女性に対する暴力の根絶へ、性暴力被害者支援法の成立と、刑法改正の実現を

2019年6月

 「#Me Too」「#With You」-セクシュアルハラスメントや性暴力への抗議が広がっています。

 レイプ事件無罪判決に異議を申し立てた「フラワーデモ」は、4月の東京から始まり、6月には9都市で開催。女性たちは、「今まで話せなかった」「被害を次の世代に続かせてはならない」と、次々と発言に立ちました。

 大学では、「ストップ!キャンパス性暴力」をかかげ、学内・就活での性暴力防止と「性的同意」を学び合う学生たちの運動が着実に進んでいます。

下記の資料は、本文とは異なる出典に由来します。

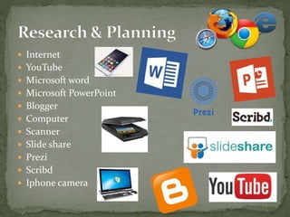 The document discusses the various technologies used during the planning, production, and evaluation of a music video project. It describes using the internet for research, YouTube to analyze other music videos, Microsoft Word and PowerPoint for planning tables and presentations, and Blogger to upload work and receive feedback. Video and photo equipment were used to film footage and conduct a photoshoot. Adobe Premiere and Photoshop were used to edit the video and create promotional materials. Different media were employed to structure the evaluation, including Slideshare, Prezi, and receiving feedback.

 2017年に110年ぶりに刑法性犯罪規定が改正されましたが、その内容は、国際水準からは程遠く「周回遅れ」のものでした。多くの被害は潜在化し、加害者は野放しにされています。

 この状況を根本から変える必要があります。

 日本共産党は、参院選重点政策において、「個人の尊厳とジェンダー平等」の実現、性暴力被害者支援の拡充と刑法の抜本改正を公約にかかげました。

 個人の尊厳とジェンダー平等のために――差別や分断をなくし、誰もが自分らしく生きられる社会へ

性暴力被害者支援法の制定とワンストップ支援センターの充実を

 内閣府「男女間における暴力に関する調査」(2017年度)で「無理やり性交等をされたことのある」女性は1807人の回答者の7.8%にのぼり、この被害実態を性暴力救援センター大阪(SACHICO)では、一年間に6-7万人と推計しています。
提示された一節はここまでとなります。